Frequently Asked Questions
1. How long do these bars take to prepare?
The preparation and baking time is approximately 30-40 minutes, making it a quick recipe to whip up on a busy day.
2. Can I freeze these bars for later?
Absolutely! You can store the bars in the freezer for up to three months. Just ensure they are wrapped well in plastic wrap and placed in a freezer-safe container.
3. What can I substitute if I don’t have almond milk?
You can use any type of milk, such as cow’s milk, oat milk, or soy milk.

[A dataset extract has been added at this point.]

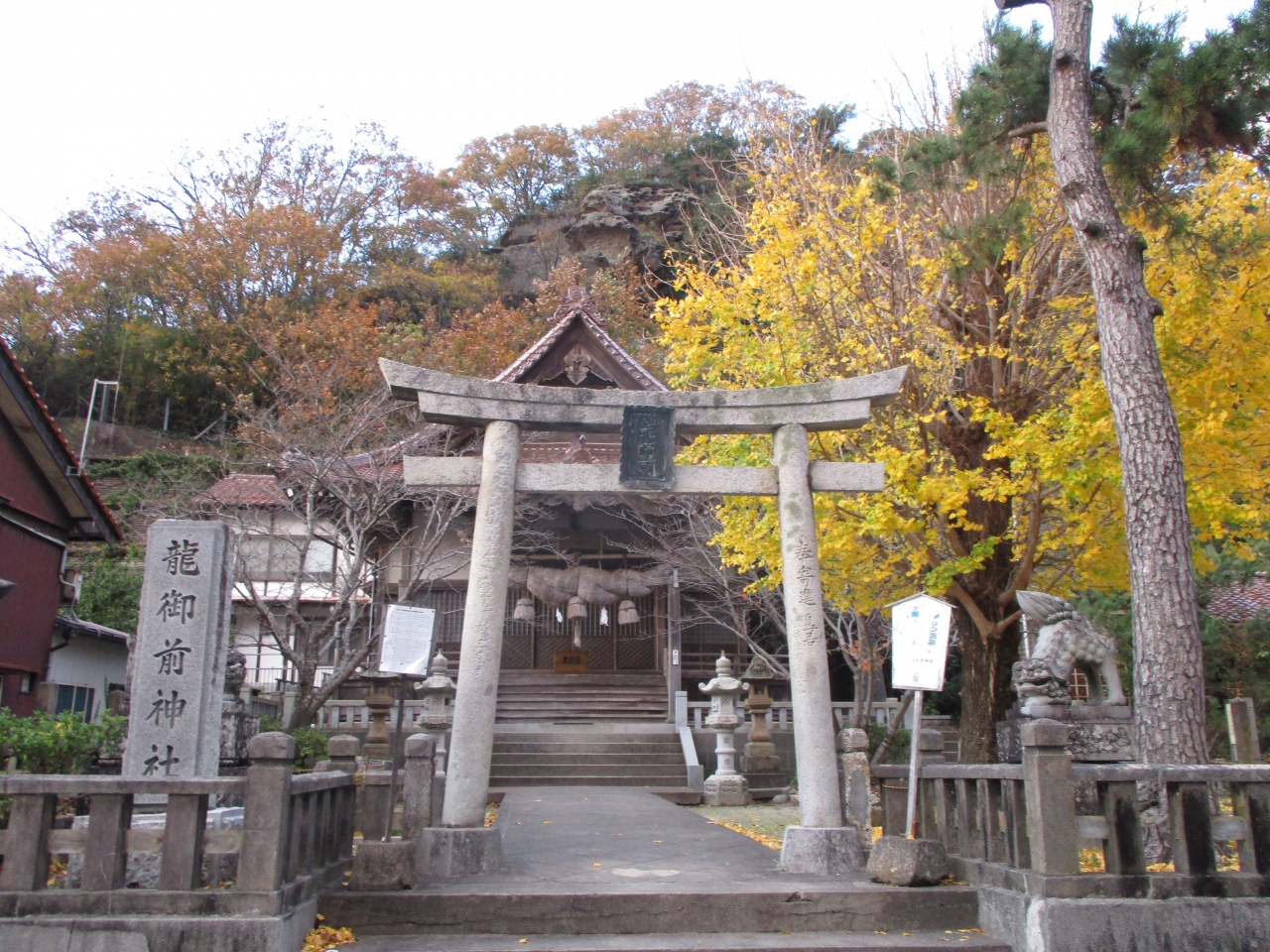 石見銀山が賑わった頃は、この近くの港から船で全国各地に銀を運んでいたのだそうです。その船の安全を守る為にもこの神社の信仰が盛んだったことが想像できます。背後の巨岩が口を開けた龍に見えることが神社の名前の由来だそうです。

The choice is yours based on dietary needs or personal preference.

Banana Oatmeal Meal Prep Breakfast Bars
Delightful and nutritious breakfast bars packed with energy-giving ingredients, perfect for meal prepping and hectic mornings.
- Prep Time: 10 minutes
- Cook Time: 25 minutes
- Total Time: 35 minutes
- Yield: 16 servings
- Category: Breakfast
- Method: Baking
- Cuisine: American
- Diet: Vegetarian
Ingredients
- 2 ripe bananas
- 1 cup rolled oats
- 1/2 cup almond milk (or any milk of choice)
- 1/4 cup honey (or maple syrup)
- 1/2 teaspoon cinnamon
- 1/4 teaspoon salt
- 1/2 cup nut butter (peanut butter or almond butter)
- 1/4 cup chocolate chips (optional)
Instructions
- Preheat your oven to 350°F (175°C). Grease your baking dish or line it with parchment paper.
- Mash the ripe bananas until smooth.
- Add rolled oats, almond milk, honey, cinnamon, salt, and nut butter to the mashed bananas. Mix until everything is well combined.
- Fold in chocolate chips for added indulgence, if desired.
- Pour the mixture into your prepared baking dish, spreading it out evenly.
- Bake for 20-25 minutes, or until the edges turn golden brown.
- Allow the bars to cool completely before cutting them into squares. Store any leftovers in an airtight container in the refrigerator.
Notes
These bars can be served warm with yogurt or fruit and last up to a week in the fridge.